LLD and GNU linker incompatibilities

Updated in 2022-12.

Subtitle: Is ld.lld a drop-in replacement for GNU ld?

The motivation for this article was someone challenging the "drop-in replacement" claim on LLD's website (the discussion was about Linux-like ELF toolchain):

LLD is a linker from the LLVM project that is a drop-in replacement for system linkers and runs much faster than them. It also provides features that are useful for toolchain developers.

99.9% pieces of software work with ld.lld without a change. Some linker script applications may need an adaption (such adaption is oftentimes due to brittle assumptions: asking too much from GNU ld's behavior which should be fixed anyway). So I defended for this claim.

Piotr Kubaj said that this is a probably more of a marketing term than a technical term, the term tries to lure existing users into thinking "it's the same you know, but better!". I think that this is fair in some senses: for many applications ld.lld has achieved much faster speed and much lower memory usage than GNU ld. A more important thing is that ld.lld adds a third choice to the spectrum. It brings competitive pressure to both sides, gives incentive for improvement, and makes for more standardized future features/extensions. One reason that I am subscribed to the binutils mailing list is I want to participate in its design processes (I am proud to say that I have managed to find some early issues of various new things).

Anyway, I thought documenting the compatibility problems between the ELF ports of ld.lld and GNU ld is useful, not only to others but also to my future self, hence this article. I will try to describe GNU gold behaviors as well.

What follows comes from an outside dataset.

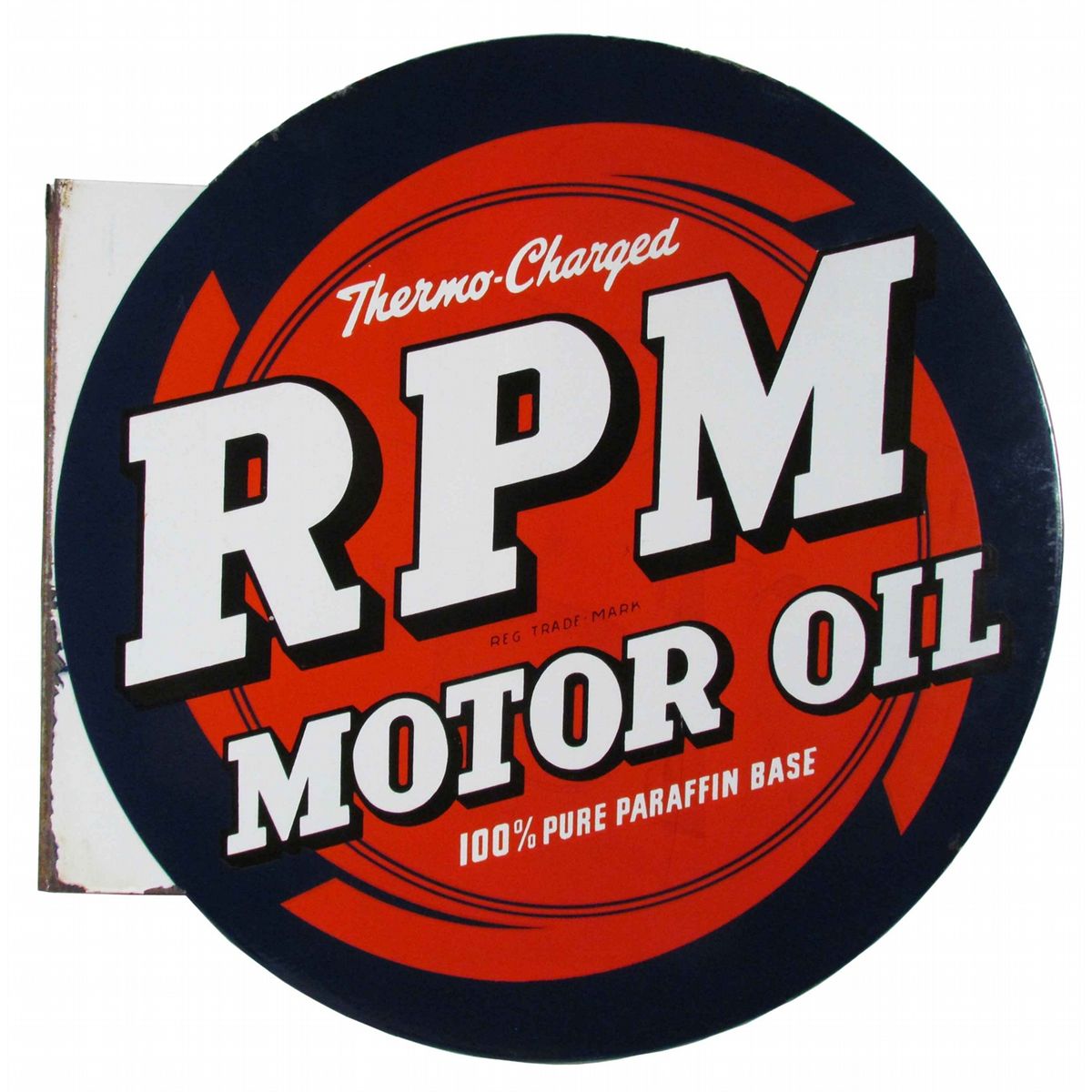 R.P.M. Motor Oil Porcelain Flange Sign. Paint loss at flange edge only, excellent condition. 22 inch diameter.

So here is the long list. Please keep in mind that many compatibility issues do not really matter and a user may never run into such an issue. Many of them just serve as educational purposes and my personal reference. There some some user perceivable differences but quite a lot are WONTFIX on both GNU ld and ld.lld. ld.lld, as a newer linker, has less legacy compatibility burden and can make good default choices in some cases and say no to some unneeded features/behaviors. A large number of features are duplicated in GNU ld's various ports. It is also common that one thing behaves this way in port A and another way in port B.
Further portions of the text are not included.